Synthesis and Mechanical Character of Hexagonal Phase δ-WN.

In this work, high-quality bulk WC-structured WN (δ-WN) was synthesized via an untraditional method and the structure was accurately determined by X-ray diffraction and Rietveld refinement. In the process of synthesizing δ-WN, W2 N3 and melamine were used as tungsten source and nitrogen source, respectively. The result of successfully synthesized high-quality δ-WN indicates that our method is an effective route for synthesizing high-quality bulk δ-WN and melamine is a pure nitrogen source for introducing the nitrogen to the metal precursor. The mechanical properties, bulk modulus, and Vickers hardness (HV) were first investigated by in situ high-pressure X-ray diffraction and Vickers microhardness tests, respectively.
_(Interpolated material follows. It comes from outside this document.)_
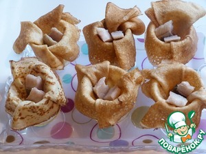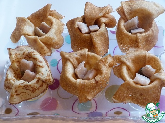 Разложить сельдь (по 2 кусочка) по блинным "корзиночкам".

It is worth noting that the bulk modulus of δ-WN is 373 ± 8.3 GPa, which is comparable to that of c-BN. The Vickers hardness is 13.8 GPa under an applied load of 4.9 N. It is worth noting that W-W metallic bond and W-N ionic bond are mainly chemical bond in δ-WN based on the analysis of electron localization function (ELF), density of states (DOS), and Mulliken population. This result can well clarify that δ-WN is only a hard material for the lack of strong W-N covalent bonds to form 3D network structure. Our results are helpful to understand the hardness mechanism and design superhard materials in transition-metal nitrides.